- The Washington Times - Saturday, May 30, 2009

Offensive tackle Jon Jansen, a longtime rock of the Washington Redskins, was cut Friday after declining an offer from owner Dan Snyder to retire with the team.

“It hurts,” Jansen said. “If I had been here three, four, five years, it might not have been so emotional, but I’ve been here for a decade and made so many friends. I thought I would have the opportunity to compete during training camp, but I wasn’t in their plans.”

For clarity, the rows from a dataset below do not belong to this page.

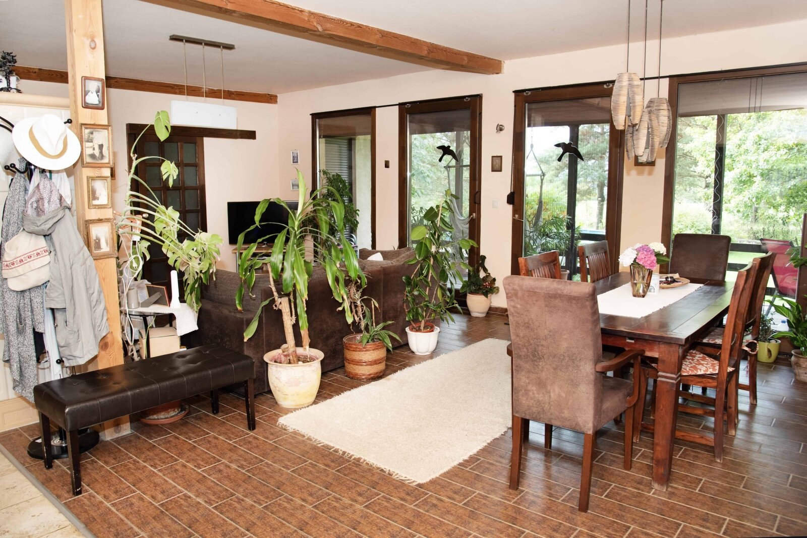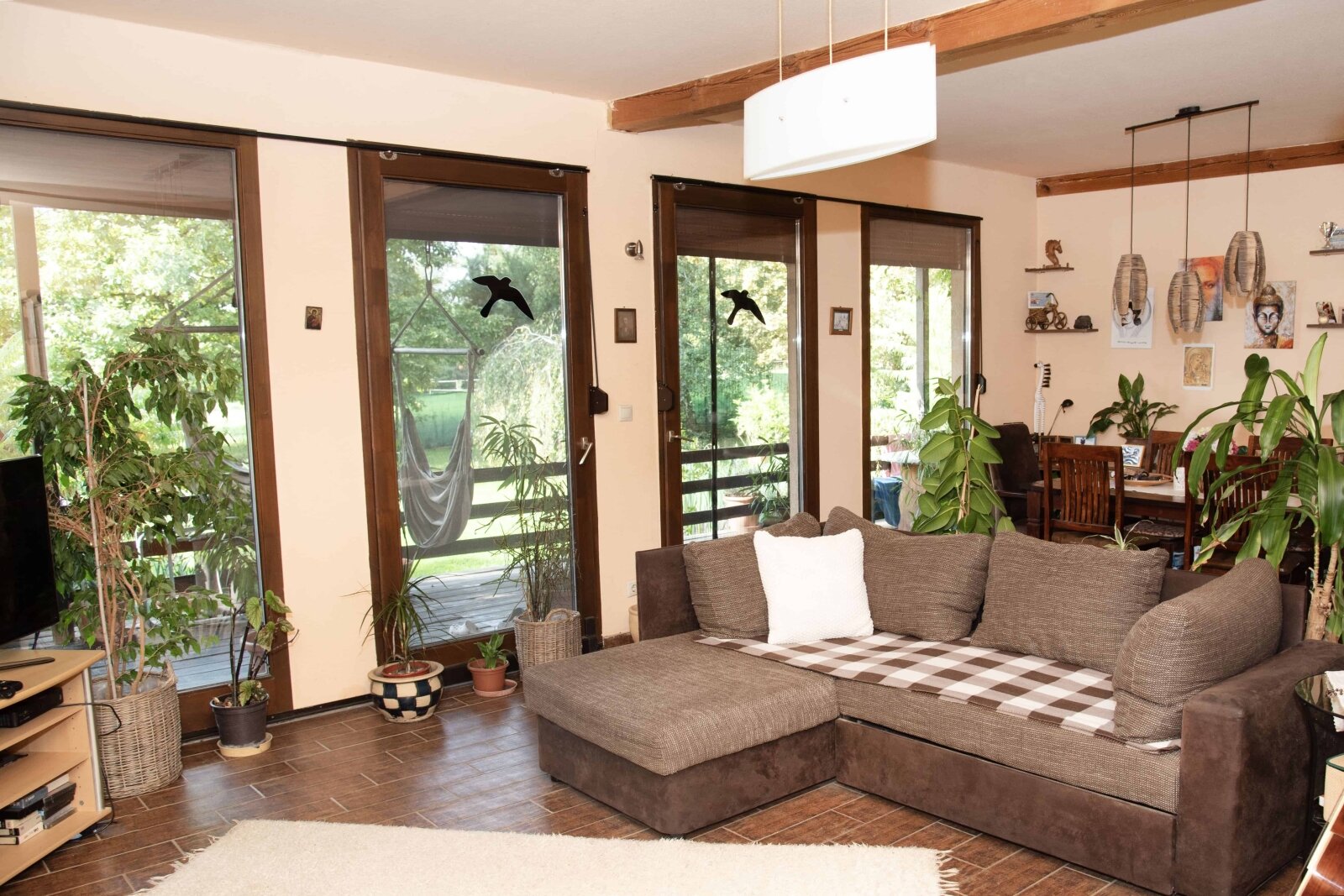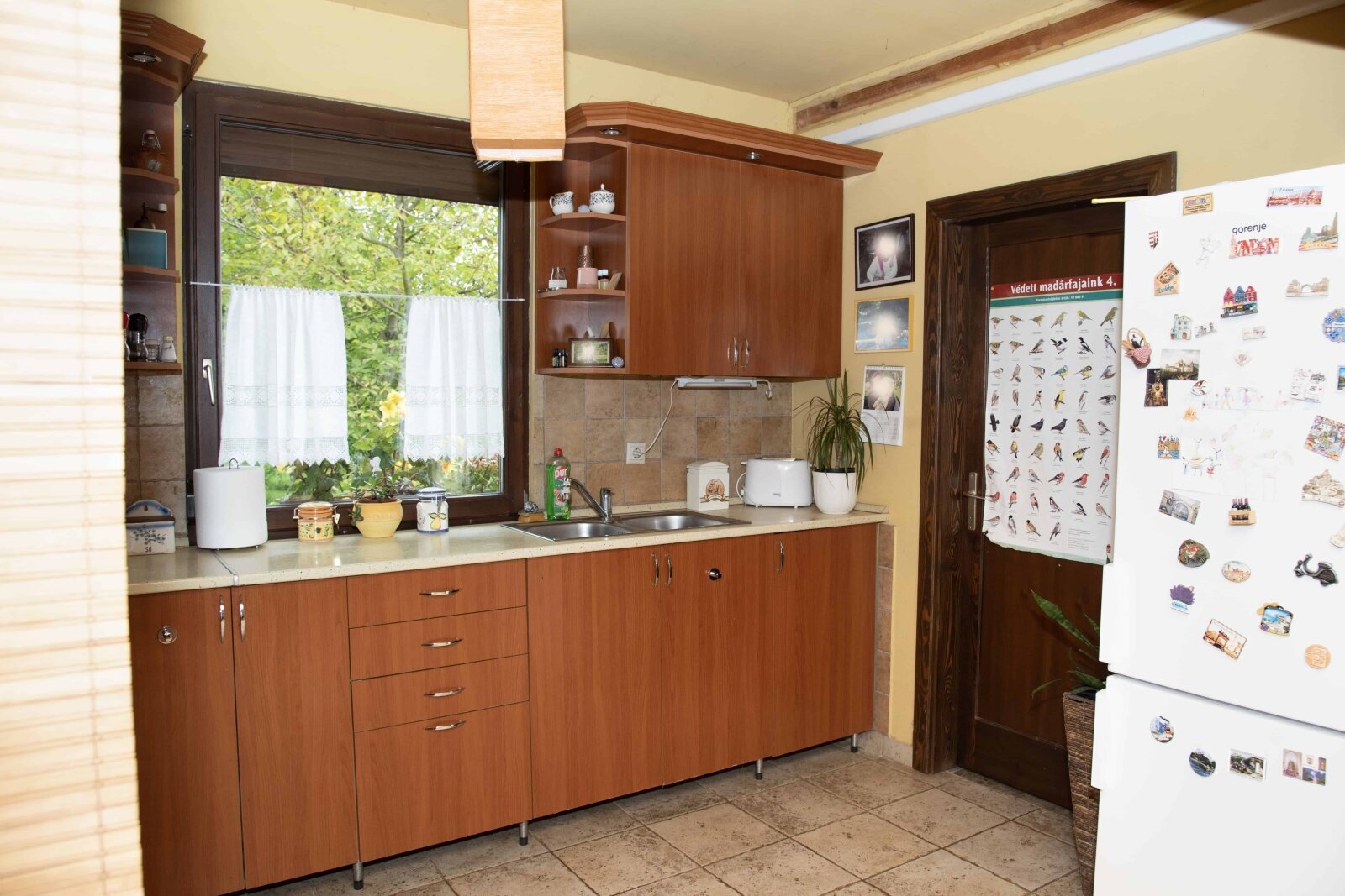 Auf dem Grundstück befindet sich ein 140 m2 großes Wohnhaus in hochwertiger Leichtbauweise, das dank ausgezeichneter Dämmung und durchdachter Raumaufteilung ein behagliches Wohngefühl vermittelt. Es verfügt über zwei Schlafzimmer, einen großzügigen Wohn-Essbereich mit Kachelofen, Speisekammer, Garderobenzimmer und ein Badezimmer. Die große Holzdeck-Terrasse eröffnet einen atemberaubenden Blick auf die süd-zalai Hügellandschaft.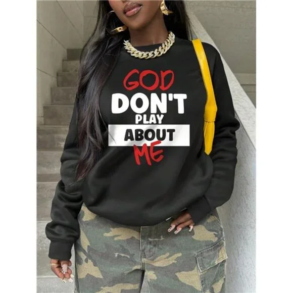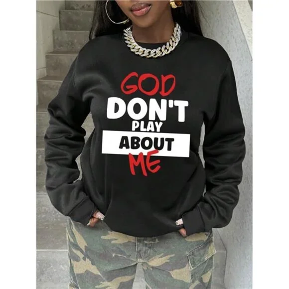The Black “God Don’t Play About Me” Sweatshirt combines comfort with a statement of faith. Made from soft, cozy fabric, it offers a relaxed fit perfect for casual wear or layering. The bold front print, blending red and white lettering, declares your belief in God’s unwavering care and protection. Ideal for anyone who wants their outfit to reflect their faith, strength, and confidence.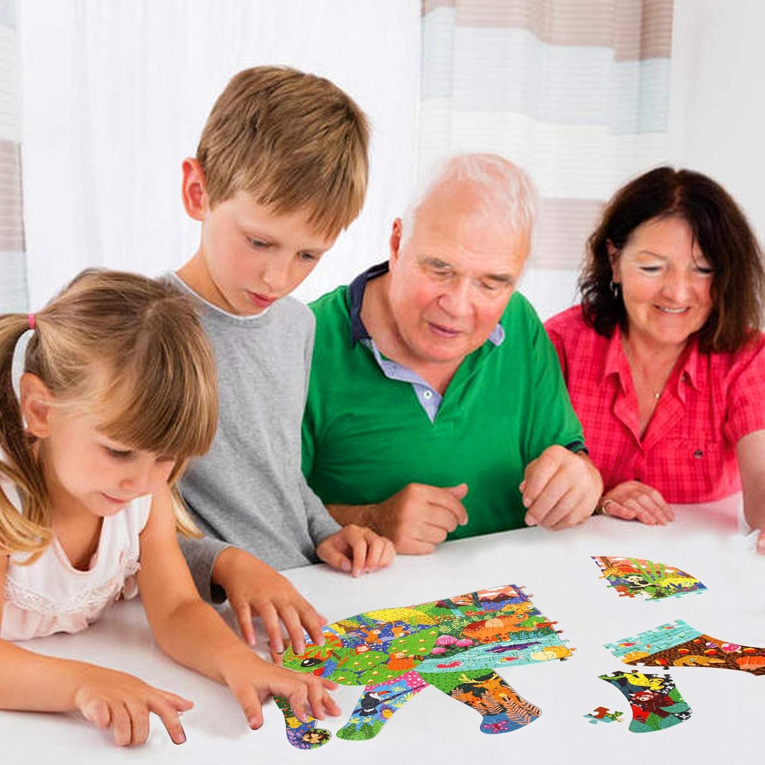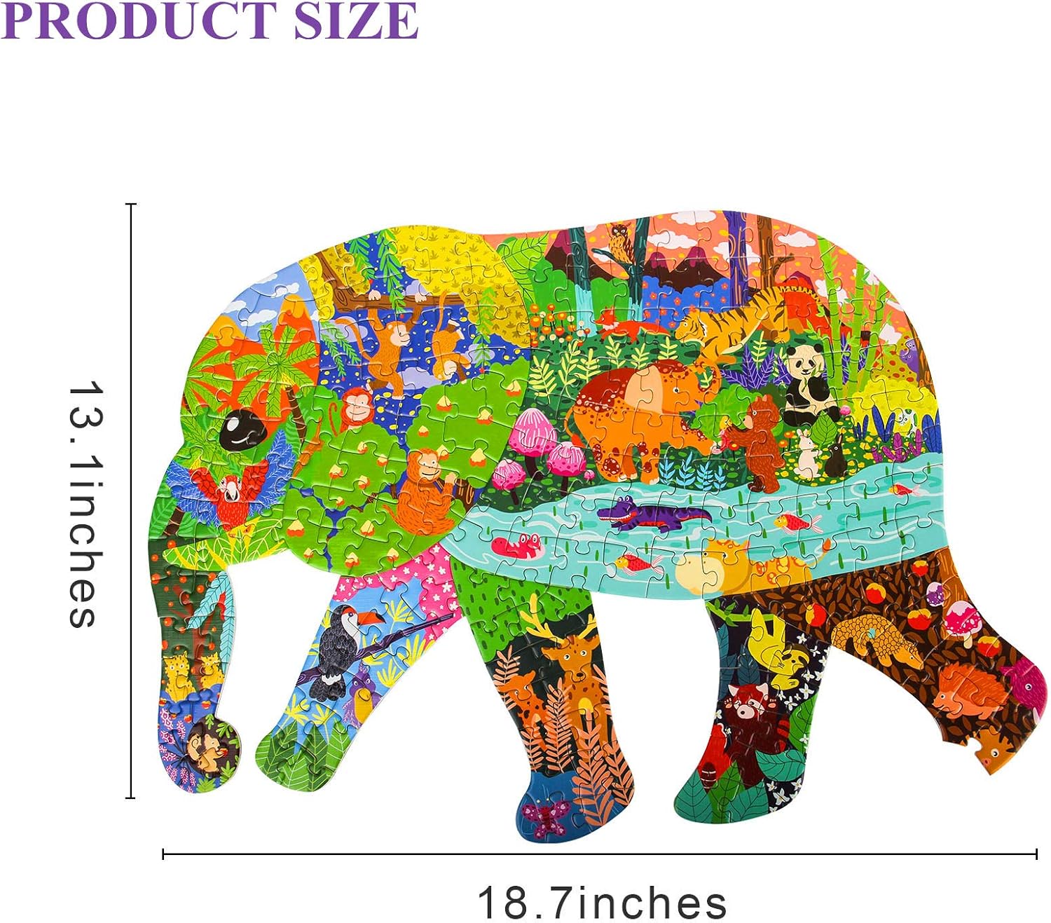 【Distinctive Animal Formed Puzzles】:The elephant form ground puzzle is enjoyable and academic. You will discover many animals on this puzzle. Additionally, Animal Formed puzzles good for adults and children.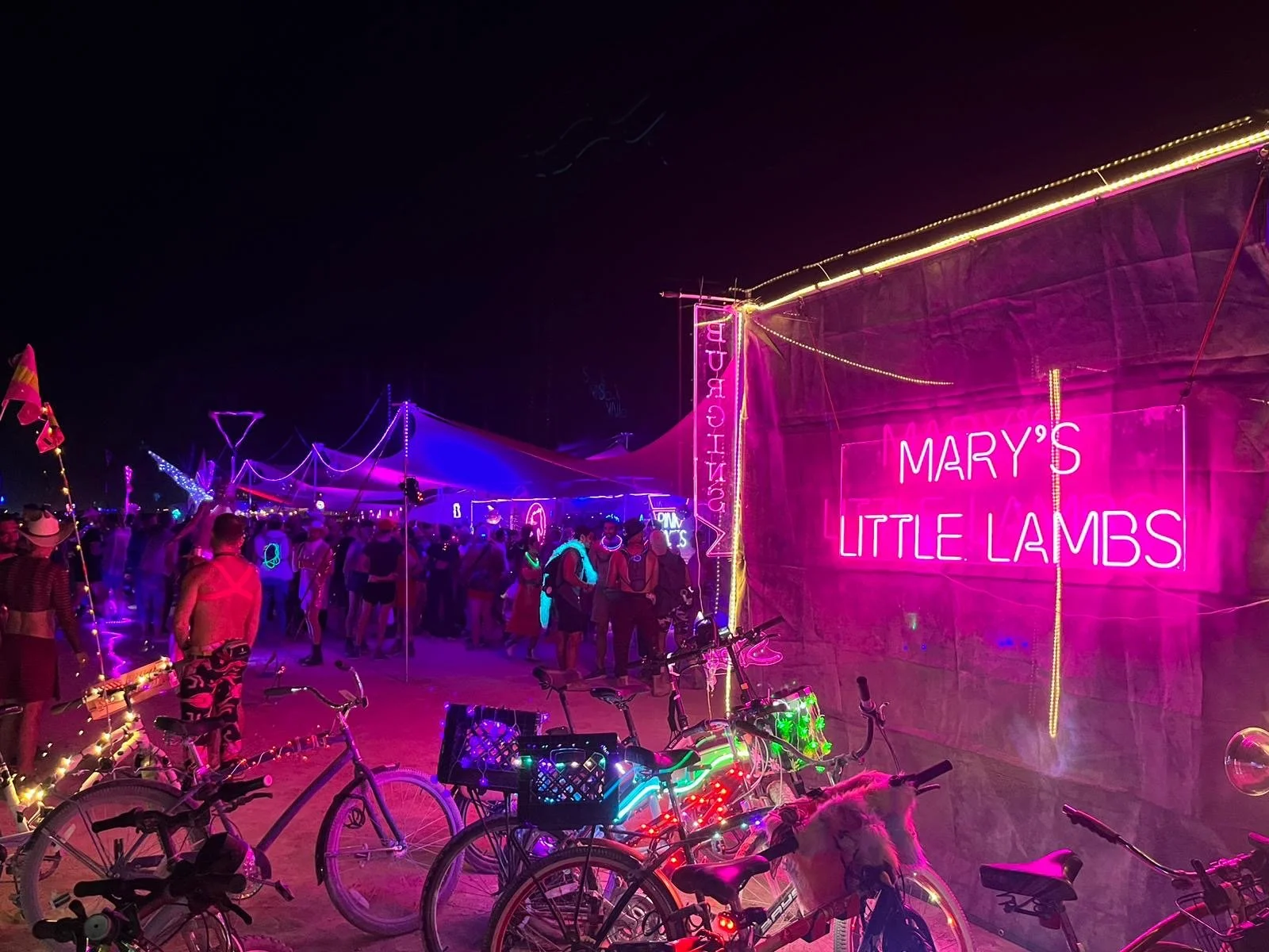 Mary’s Little Lambs is a vibrant, queer, and international Burning Man camp dedicated to building a playful, inclusive, and caring community on the playa. We’re a sanctuary of self-expression and support, where diversity is celebrated and every lamb has a place in the flock.

Jansen, 33, came to Washington as the team’s second-round choice in the 1999 draft - the last one before Snyder assumed control - and didn’t miss a snap in practice or a game during his first five seasons.

Injuries marred each of the next five seasons and gradually wore out his body. Jansen suffered a torn Achilles tendon in 2004, broken thumbs in 2005, a torn calf muscle in 2006, a fractured fibula and dislocated ankle in 2007 and a sprained knee last season.

As the injuries and missed playing time accumulated, Jansen fell out of favor with offensive line coach Joe Bugel and head coach Jim Zorn. Zorn benched Jansen last summer in favor of second-year right tackle Stephon Heyer, but Jansen wound up finishing the season as the starter.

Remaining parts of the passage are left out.